Querying with different models can have a substantial impact on the quality of results.
Pass images to the model
You can pass images and have multimodal models such as e.g. “llama3.2-vision” or (the considerably smaller) “llava-phi3” consider them in their response. Just pass the path of the relevant image to ql_prompt()

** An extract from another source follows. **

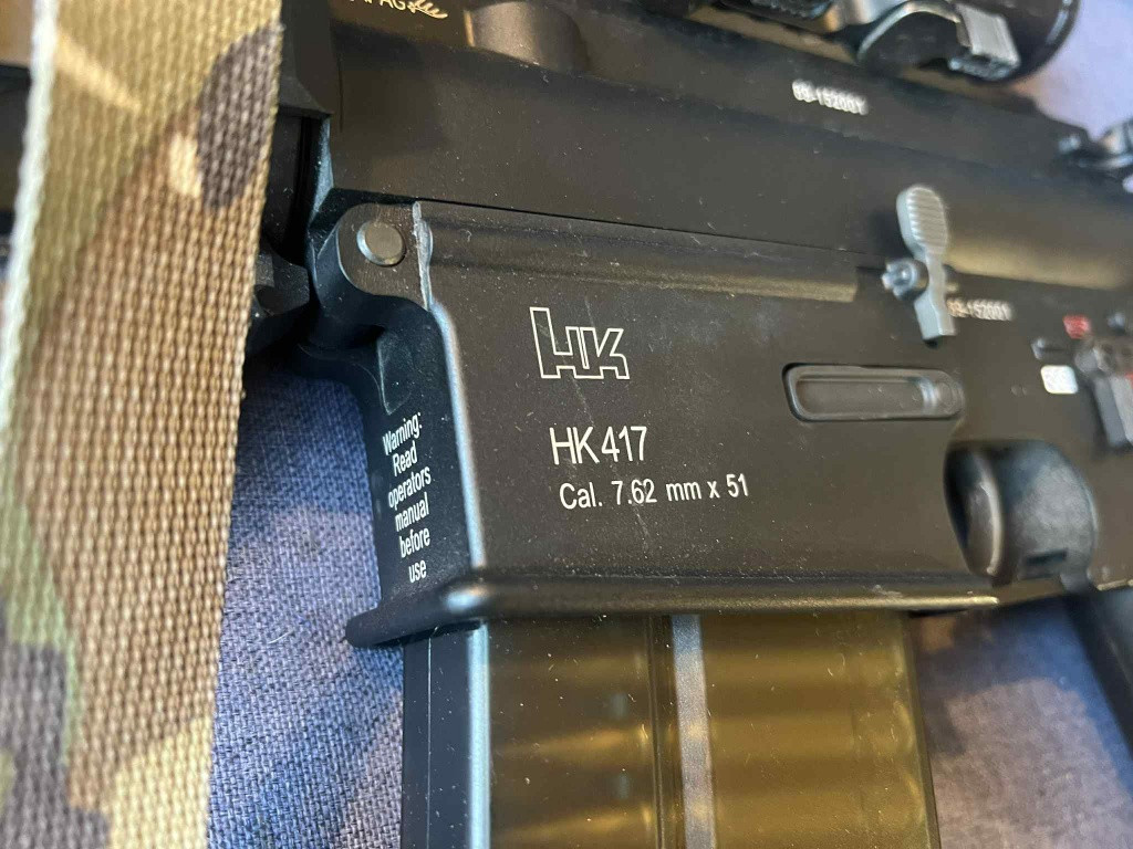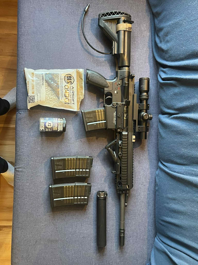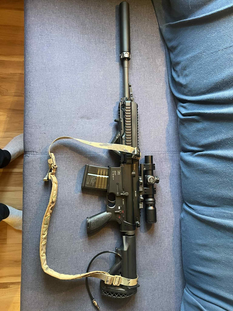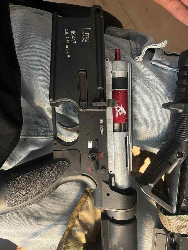 Prodám HK417 od Umarexu. Již téměř nesehnatelnou Bengházi edition. Zůstalo pouze tělo a skelet mechu. Uvnitř hlaveň KM HEAD 6,04mm protažená do konce kompenzátoru, Na zakázku dělaná 3D tisk redukce pro M4 komory, Silent Alpha CNC komora, Prometheus purple gumička a Polarstar F2 pro HK417. Složený a nastavený tak aby fungoval pouze safe a semi. Výkonnostně to bylo něco kolem 2,5-2,7J na 0,43g Bude třeba jí určitě ještě trošku doštelovat/poladit (pak bude dávat kolik si natočíte na kohoutu) Jinak spojka by měla být od US Foster (prostě to nejlepší co si můžete přát na konci hadice) a je protažená pažbou, tak aby nebyla moc vidět. K tomu AngryGUN 7.62 rychloupínací tlumič (vycpaný molitanem) s ražením v setu s ocelovým kompíkem s ražbou Surefire, Velice kvalitní kopie Magpul Angle gripu, Shortdot na nízkoprofil jednolité montáži s uzkoprofil věžemi, mildotem a NightForce krytkou. K tomu přidám 3x tlačný zásobník, baterku pro ECU a původní AEG vnitřní díly s origo krabicí ve které puška spala ve skladech. Ještě vám na pušce nechám Faraon popruh v multicamu s Magpull style okem na popruh. Zbraň byla venku jen jednou, od té doby leží (takže jako nová) PC: kolem 45K Nechám bez regulátoru a lahve, tak jak je na foto. Neměním! Cenu nabídněte... Osobní předání možné v Praze nebo případně můžu poslat poštou.

. For example, if we ask to describe the logo of this package, we get the following reponse:
library("quackingllama")
img_path <- fs::path(
system.file(package = "quackingllama"),
"help",
"figures",
"logo.png"
)
resp_df <- ql_prompt(
prompt = "what is this?",
images = img_path,
model = "llama3.2-vision"
) |>
ql_generate()
cat(">", resp_df$response)
This appears to be an image of a bird’s head, possibly a goose or swan, with its beak open and feathers ruffled. The image is framed by a pink hexagon shape.
resp_df <- ql_prompt(
prompt = "what is this?",
images = img_path,
model = "llava-phi3"
) |>
ql_generate()
cat(">", resp_df$response)
#> > The image features a close-up of a llama's face, which is the central focus of the composition. The llama has a distinctive yellow nose and ears that stand out against its white fur. A gray mask with two holes for eyes covers the lower part of the llama's face, adding an element of intrigue to the image. The background is black, providing a stark contrast to the vibrant colors of the llama and enhancing the visibility of the details in the image. The entire scene is framed within a pink border, further emphasizing the subject matter. The image does not contain any text or other discernible objects. The relative position of the objects suggests that the mask is worn by the llama, covering its lower face while leaving its upper facial features exposed.